Correspondence: Charles Taïeb, M.D., MBA Science Po Paris, PFSA, 45 place Abel Gance, 92100 Boulogne-Billancourt, France. Email:


Sensitive skin syndrome was first described in 1977; however, no robust study has been carried out to evaluate its prevalence in Japan. A national representative sample of the Japanese population over the age of 18 years was taken. Individuals were questioned by telephone and selected according to the quota method. When asked “Do you have a sensitive skin?”, 52.84% of men and 55.98% of women answered “rather sensitive” or “very sensitive”. There was no significant difference (P = 0.22) between the two sexes. The non-response rate among respondents was zero, suggesting that the term “sensitive skin” held a meaning for the majority of the population.
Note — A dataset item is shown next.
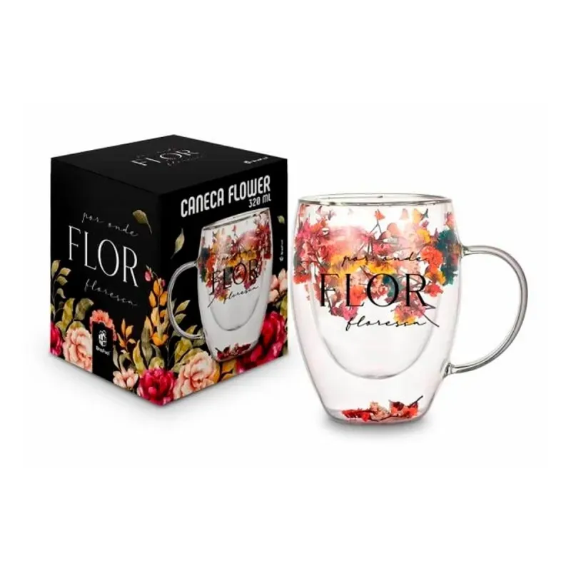 320ml e um design clássico em vidro transparente, ela destaca a beleza da bebida enquanto exibe a estampa exclusiva "Flor e Amor". É a escolha perfeita para quem busca um utensílio funcional que também sirva como um detalhe encantador na decoração da cozinha ou do escritório.

Concerning questions about the onset of a rash, tingling or irritation in the presence of various factors, such as emotional issues, cold, heat, sun, dry air, air-conditioning, water, air pollution and temperature variations, respondents with rather sensitive or very sensitive skin responded “yes” more often than others: approximately three-times more often for water (18.97%/6.15%), air pollution (39.29%/12.45%) and warm climatic conditions (29.74%/9.8%). To our knowledge, this epidemiological study is the first to focus on sensitive skin among Japanese people of this century. It is of particular interest for two reasons: (i) it was conducted on a representative sample of the Japanese population; and (ii) the methodology used was identical to that used for sensitive skin assessment studies conducted in Europe and the USA, making it possible to draw certain comparisons.